--- Required action ---
Output the lines from the top of the entries below to the line with "это подписчики депутата.", both included, exactly and without pictures.

Records excerpted from a collection
>>>>
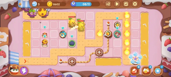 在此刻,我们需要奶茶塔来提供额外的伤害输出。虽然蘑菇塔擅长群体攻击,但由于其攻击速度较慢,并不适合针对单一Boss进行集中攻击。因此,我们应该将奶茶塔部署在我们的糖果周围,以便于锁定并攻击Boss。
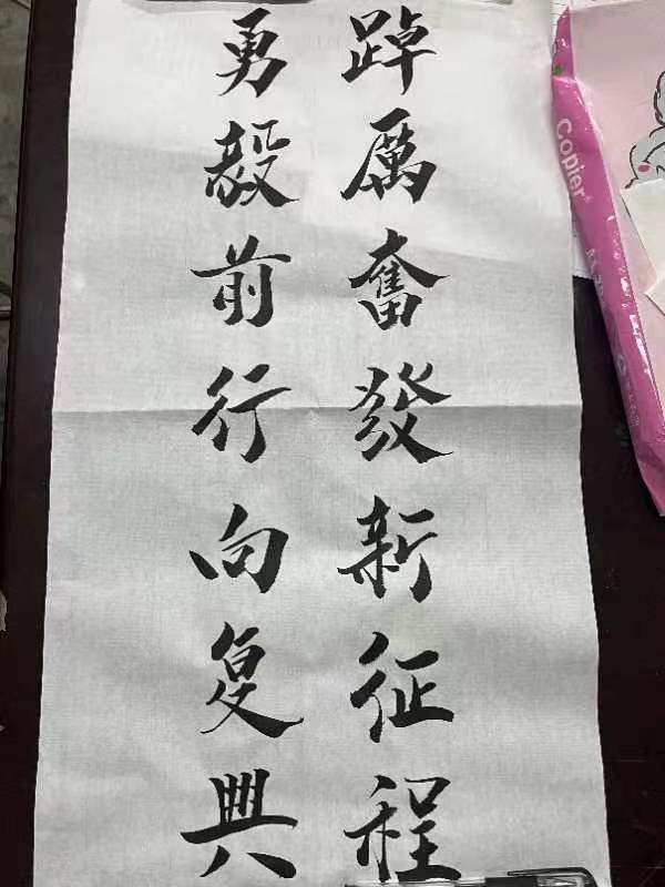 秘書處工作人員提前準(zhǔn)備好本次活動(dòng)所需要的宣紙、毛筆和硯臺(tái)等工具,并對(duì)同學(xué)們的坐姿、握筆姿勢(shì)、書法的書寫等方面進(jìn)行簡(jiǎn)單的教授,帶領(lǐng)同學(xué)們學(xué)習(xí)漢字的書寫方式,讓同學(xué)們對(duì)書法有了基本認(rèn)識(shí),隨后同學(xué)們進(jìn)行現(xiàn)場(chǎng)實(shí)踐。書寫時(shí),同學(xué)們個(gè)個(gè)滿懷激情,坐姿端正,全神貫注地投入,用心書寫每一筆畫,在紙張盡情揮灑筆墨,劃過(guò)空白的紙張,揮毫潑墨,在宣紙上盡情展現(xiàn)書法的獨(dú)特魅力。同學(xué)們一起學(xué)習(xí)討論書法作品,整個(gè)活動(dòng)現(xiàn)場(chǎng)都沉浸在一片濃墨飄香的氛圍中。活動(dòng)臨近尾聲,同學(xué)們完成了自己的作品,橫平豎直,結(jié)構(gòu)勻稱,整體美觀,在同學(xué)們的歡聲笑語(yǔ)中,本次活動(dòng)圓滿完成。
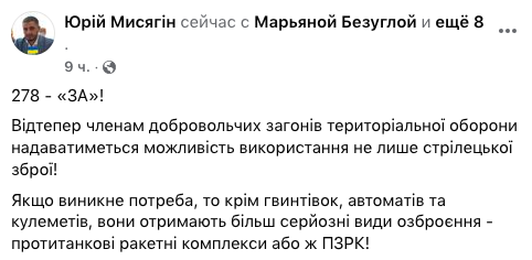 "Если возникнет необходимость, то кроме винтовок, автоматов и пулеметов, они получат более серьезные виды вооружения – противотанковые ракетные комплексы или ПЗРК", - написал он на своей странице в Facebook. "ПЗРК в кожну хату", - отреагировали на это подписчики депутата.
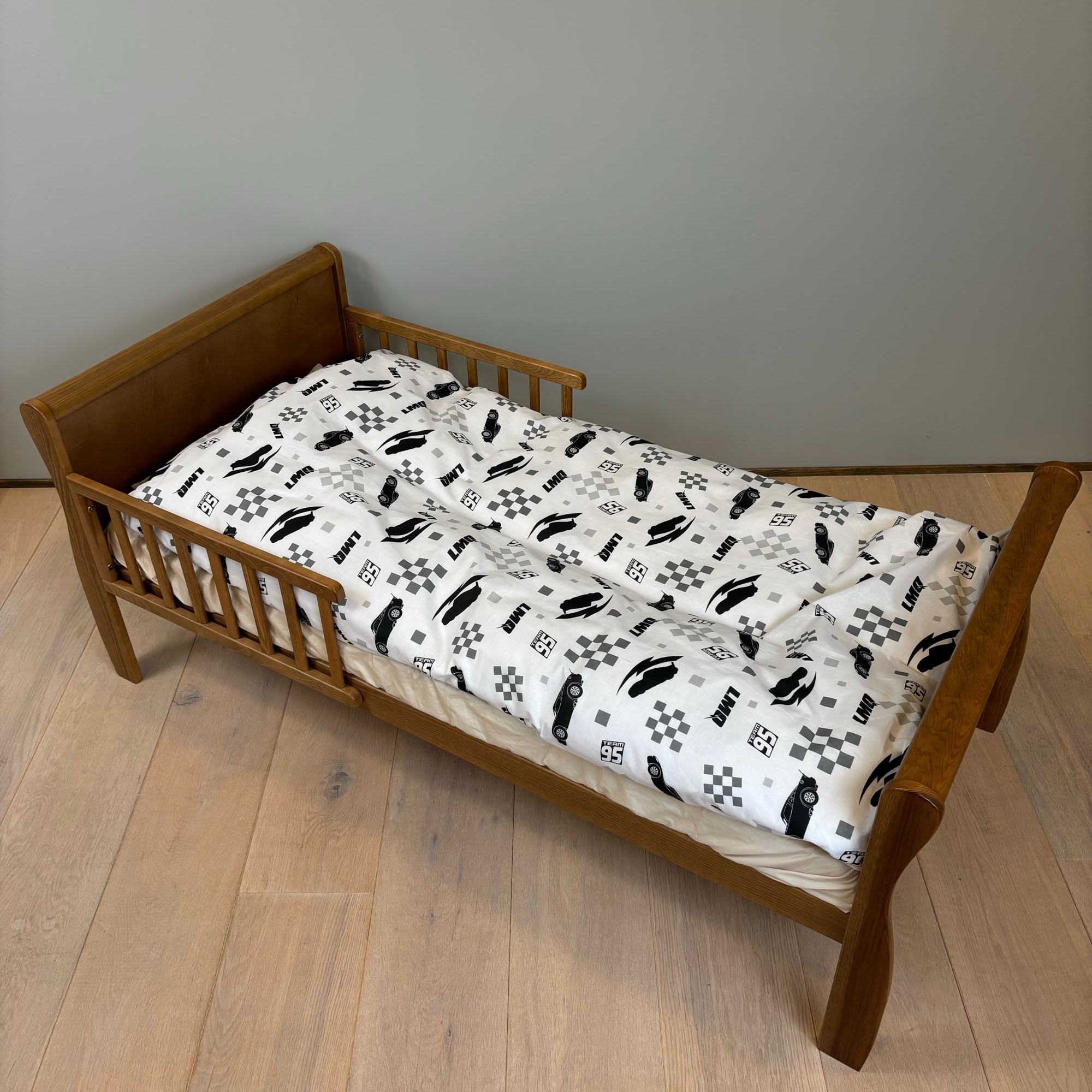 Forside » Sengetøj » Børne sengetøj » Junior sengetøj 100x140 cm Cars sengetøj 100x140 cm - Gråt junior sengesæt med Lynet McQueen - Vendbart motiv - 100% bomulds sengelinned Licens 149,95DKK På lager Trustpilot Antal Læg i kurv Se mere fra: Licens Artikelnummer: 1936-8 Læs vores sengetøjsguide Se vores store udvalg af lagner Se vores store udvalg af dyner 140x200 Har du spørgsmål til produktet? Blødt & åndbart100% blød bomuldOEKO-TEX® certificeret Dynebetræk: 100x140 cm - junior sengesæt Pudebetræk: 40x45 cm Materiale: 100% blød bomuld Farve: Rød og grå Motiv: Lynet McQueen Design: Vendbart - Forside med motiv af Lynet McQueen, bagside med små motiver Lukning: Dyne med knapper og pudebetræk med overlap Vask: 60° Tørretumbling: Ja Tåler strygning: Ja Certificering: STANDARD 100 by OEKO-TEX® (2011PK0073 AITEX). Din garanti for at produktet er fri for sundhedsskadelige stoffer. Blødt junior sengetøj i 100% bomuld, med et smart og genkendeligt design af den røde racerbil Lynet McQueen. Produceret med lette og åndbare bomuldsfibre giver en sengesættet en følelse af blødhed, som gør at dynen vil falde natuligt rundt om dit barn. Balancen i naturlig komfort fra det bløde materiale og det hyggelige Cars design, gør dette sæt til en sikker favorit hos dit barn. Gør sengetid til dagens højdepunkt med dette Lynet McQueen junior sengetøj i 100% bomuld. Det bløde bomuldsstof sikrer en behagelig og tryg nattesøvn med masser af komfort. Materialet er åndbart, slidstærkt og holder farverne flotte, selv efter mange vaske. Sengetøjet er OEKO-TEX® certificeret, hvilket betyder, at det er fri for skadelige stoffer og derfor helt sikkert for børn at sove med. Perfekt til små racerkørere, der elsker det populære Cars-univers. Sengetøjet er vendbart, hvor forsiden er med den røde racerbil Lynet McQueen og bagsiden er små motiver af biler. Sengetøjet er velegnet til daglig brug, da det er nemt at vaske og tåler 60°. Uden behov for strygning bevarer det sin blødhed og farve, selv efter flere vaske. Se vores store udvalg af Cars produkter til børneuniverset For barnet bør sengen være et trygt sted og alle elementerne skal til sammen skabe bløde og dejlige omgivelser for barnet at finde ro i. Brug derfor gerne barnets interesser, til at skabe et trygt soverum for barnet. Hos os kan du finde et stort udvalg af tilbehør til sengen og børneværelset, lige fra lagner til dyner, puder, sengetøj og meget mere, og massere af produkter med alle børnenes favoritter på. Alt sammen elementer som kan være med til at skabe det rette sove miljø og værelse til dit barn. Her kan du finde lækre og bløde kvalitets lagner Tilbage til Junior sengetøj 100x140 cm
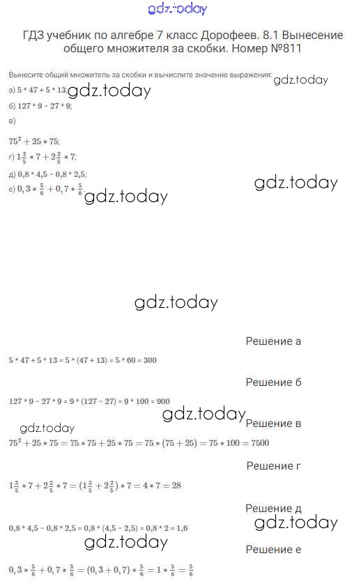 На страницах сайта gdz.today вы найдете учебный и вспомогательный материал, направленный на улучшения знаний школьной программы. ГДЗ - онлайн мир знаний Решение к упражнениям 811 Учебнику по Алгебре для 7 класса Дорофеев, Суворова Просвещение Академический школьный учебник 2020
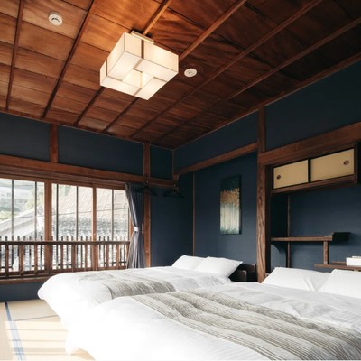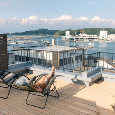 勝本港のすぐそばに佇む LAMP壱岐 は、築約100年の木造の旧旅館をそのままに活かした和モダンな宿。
<<<<
--- Completed exercise ---
 在此刻,我们需要奶茶塔来提供额外的伤害输出。虽然蘑菇塔擅长群体攻击,但由于其攻击速度较慢,并不适合针对单一Boss进行集中攻击。因此,我们应该将奶茶塔部署在我们的糖果周围,以便于锁定并攻击Boss。
 秘書處工作人員提前準(zhǔn)備好本次活動(dòng)所需要的宣紙、毛筆和硯臺(tái)等工具,并對(duì)同學(xué)們的坐姿、握筆姿勢(shì)、書法的書寫等方面進(jìn)行簡(jiǎn)單的教授,帶領(lǐng)同學(xué)們學(xué)習(xí)漢字的書寫方式,讓同學(xué)們對(duì)書法有了基本認(rèn)識(shí),隨后同學(xué)們進(jìn)行現(xiàn)場(chǎng)實(shí)踐。書寫時(shí),同學(xué)們個(gè)個(gè)滿懷激情,坐姿端正,全神貫注地投入,用心書寫每一筆畫,在紙張盡情揮灑筆墨,劃過(guò)空白的紙張,揮毫潑墨,在宣紙上盡情展現(xiàn)書法的獨(dú)特魅力。同學(xué)們一起學(xué)習(xí)討論書法作品,整個(gè)活動(dòng)現(xiàn)場(chǎng)都沉浸在一片濃墨飄香的氛圍中。活動(dòng)臨近尾聲,同學(xué)們完成了自己的作品,橫平豎直,結(jié)構(gòu)勻稱,整體美觀,在同學(xué)們的歡聲笑語(yǔ)中,本次活動(dòng)圓滿完成。
 "Если возникнет необходимость, то кроме винтовок, автоматов и пулеметов, они получат более серьезные виды вооружения – противотанковые ракетные комплексы или ПЗРК", - написал он на своей странице в Facebook. "ПЗРК в кожну хату", - отреагировали на это подписчики депутата.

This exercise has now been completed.